Surabaya (prapanca.id) – Gubernur Jawa Timur Khofifah Indar Parawansa memenuhi undangan Presiden Republik Indonesia Prabowo Subianto dalam pertemuan bersama pimpinan organisasi kemasyarakatan (ormas) Islam di Istana Negara, Jakarta, Selasa (3/2/2026).
Usai mengikuti pengarahan Presiden Prabowo, Khofifah menyampaikan optimismenya bahwa forum tersebut menjadi momentum penting untuk memperkuat harmoni lintas organisasi kemasyarakatan dalam rangka mewujudkan Indonesia yang damai dan bersatu.
Khofifah yang juga menjabat sebagai Ketua Umum Dewan Pembina PP Muslimat NU menilai, kehadiran para tokoh ormas Islam memiliki peran strategis dalam menjaga harmonisasi kehidupan bermasyarakat, berbangsa, dan bernegara.
“Pertemuan ini sangat positif.
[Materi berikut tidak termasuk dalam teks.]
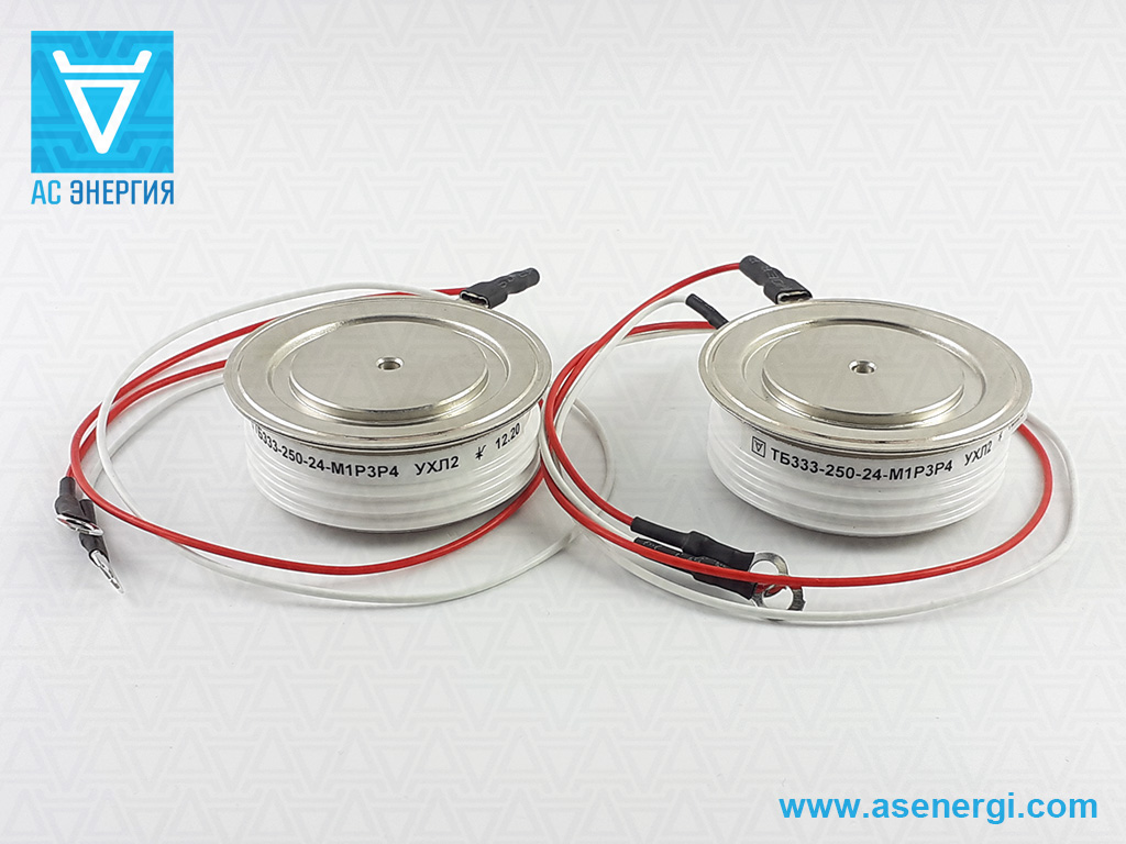 Тиристоры быстродействующие ТБ333-250 (TF 333-250) - таблеточные тиристоры, регулируют и преобразовывают постоянный и переменный ток до 250 ампер частотой до 10кГц в цепях с напряжением 1600В - 2400В.
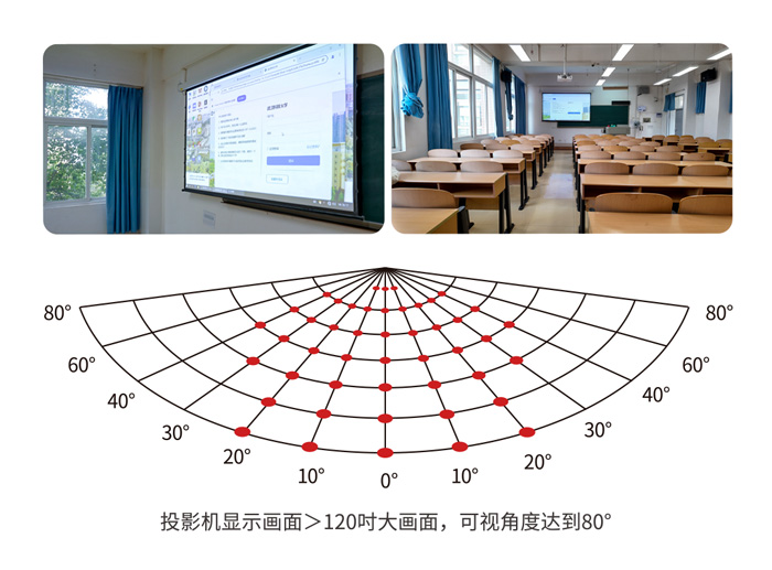 光峰激光高端高亮教育投影机,流明范围涵盖4500-9400流明,具备多种可选规格。即便处于白天拉开窗帘或开灯的强光环境下,亦能确保画面明亮清晰。其搭配120吋投影幕布,让学生在教室的任何位置都能享受到清晰、无色差的大画面,为学生和教师带来出色的视觉体验,确保教学内容的高质量呈现。

Bapak Presiden Prabowo meluangkan waktu untuk bersilaturahmi dan berdialog dengan lintas ormas Islam, tokoh pesantren, serta tokoh-tokoh keagamaan,” ujar Khofifah.
Menurutnya, intensitas silaturahmi antara pemerintah dan ormas keagamaan perlu terus ditingkatkan. Hal tersebut menjadi modal sosial penting dalam memperkokoh persatuan nasional.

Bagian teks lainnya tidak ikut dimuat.